• _What you are asked to do_: The lines below, from the one containing "Spark plug removal" through the one containing "Custom jersey. Everything", should be set down exactly, with no pictures and nothing else.

• _Records provided_:
==*==
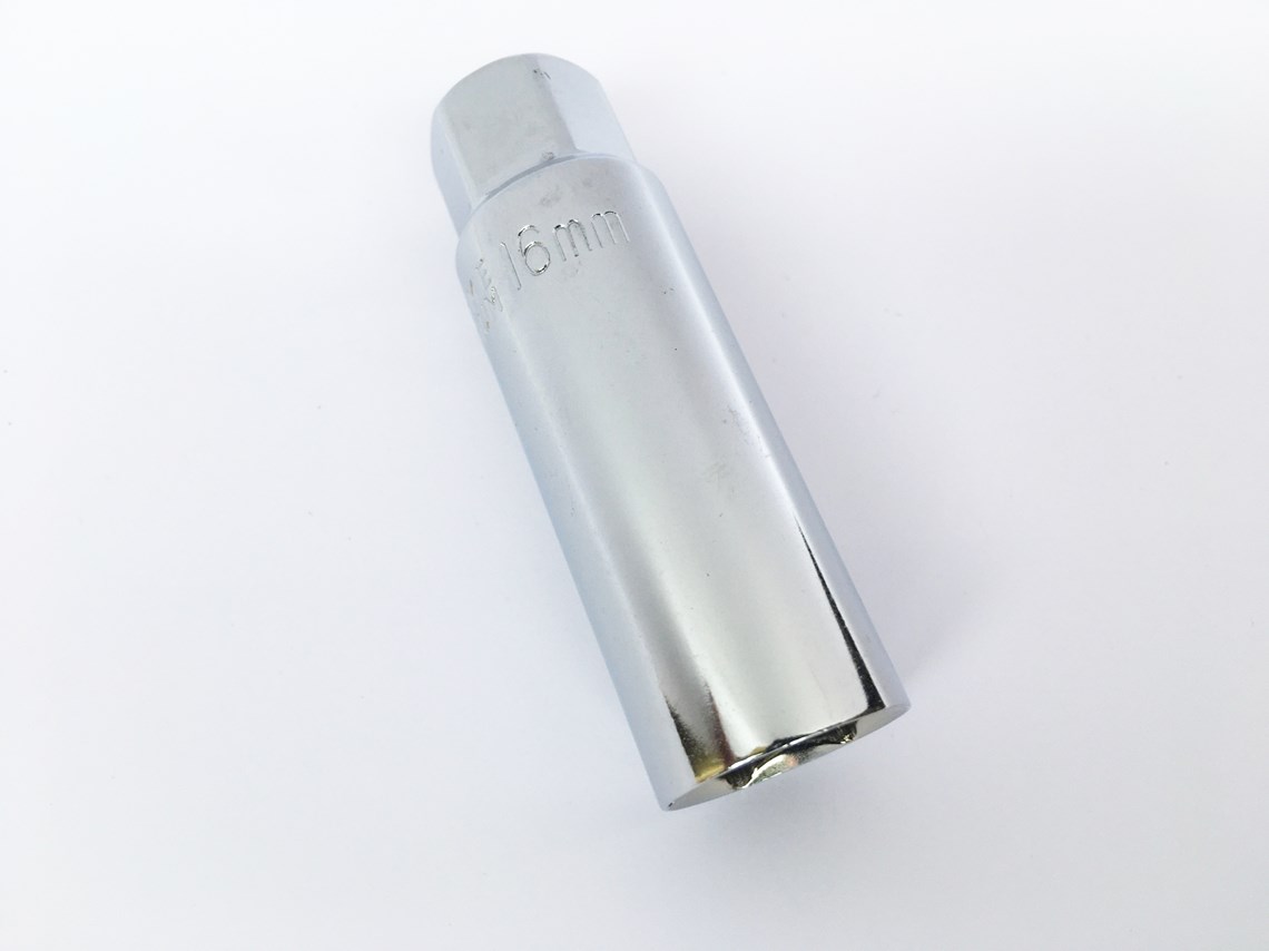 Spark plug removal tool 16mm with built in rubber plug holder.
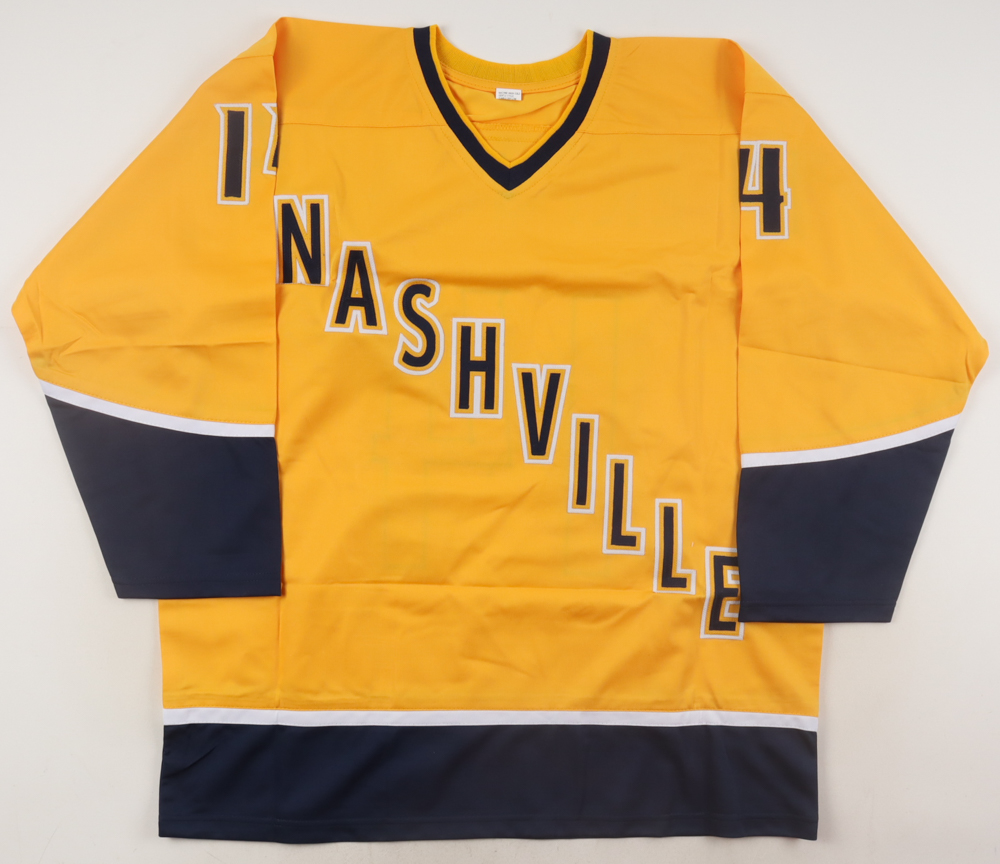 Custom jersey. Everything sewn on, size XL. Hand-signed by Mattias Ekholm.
==*==
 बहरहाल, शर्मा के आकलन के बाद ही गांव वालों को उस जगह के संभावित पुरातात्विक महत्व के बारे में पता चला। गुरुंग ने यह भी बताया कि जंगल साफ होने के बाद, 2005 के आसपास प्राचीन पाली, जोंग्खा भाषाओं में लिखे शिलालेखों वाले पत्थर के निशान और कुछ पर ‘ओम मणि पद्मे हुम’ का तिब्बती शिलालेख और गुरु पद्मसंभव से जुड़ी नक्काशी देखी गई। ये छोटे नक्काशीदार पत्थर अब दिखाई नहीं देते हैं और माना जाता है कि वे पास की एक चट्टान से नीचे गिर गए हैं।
==*==
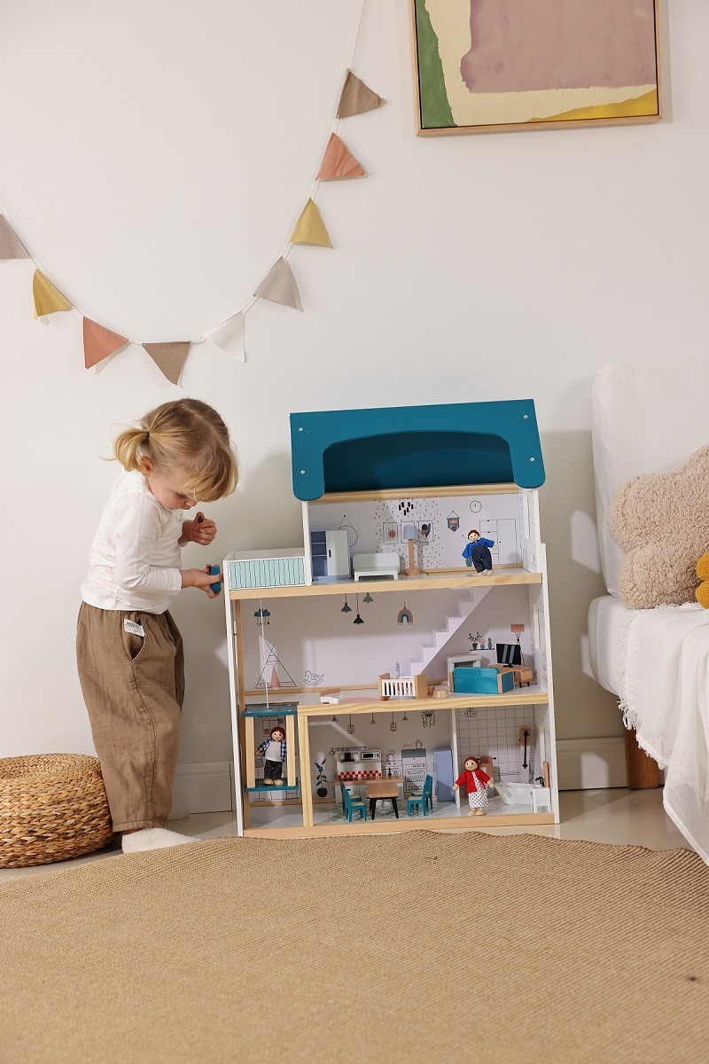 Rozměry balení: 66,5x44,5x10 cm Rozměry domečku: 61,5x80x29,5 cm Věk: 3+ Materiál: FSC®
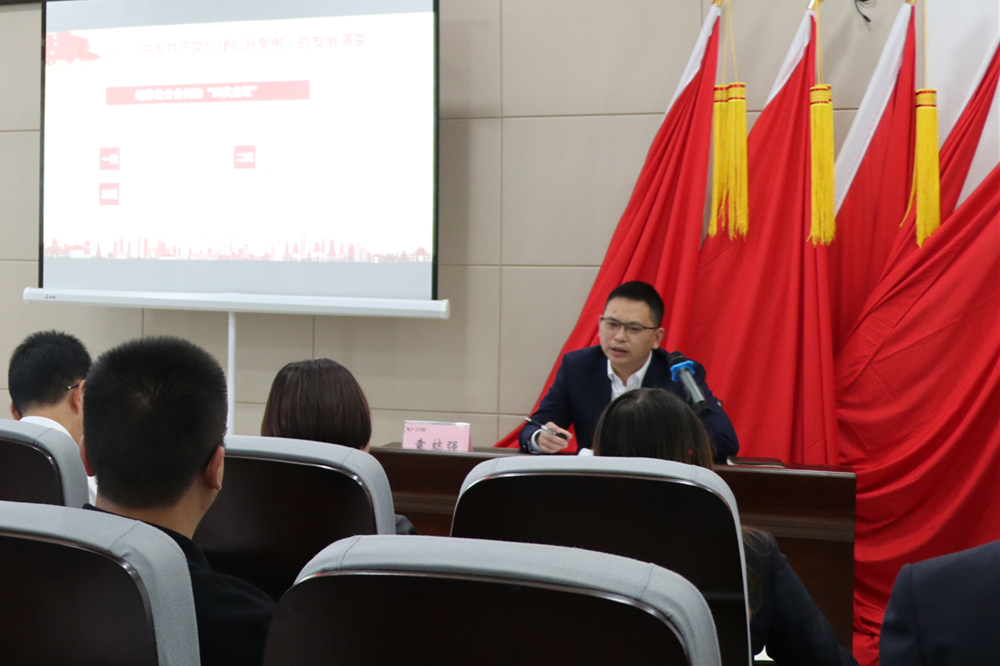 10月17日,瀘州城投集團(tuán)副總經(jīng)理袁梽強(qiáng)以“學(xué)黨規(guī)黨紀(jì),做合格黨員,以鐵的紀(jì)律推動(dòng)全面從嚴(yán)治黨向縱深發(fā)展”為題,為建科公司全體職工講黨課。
==*==
• _Answer box_:
 Spark plug removal tool 16mm with built in rubber plug holder.
 Custom jersey. Everything sewn on, size XL. Hand-signed by Mattias Ekholm.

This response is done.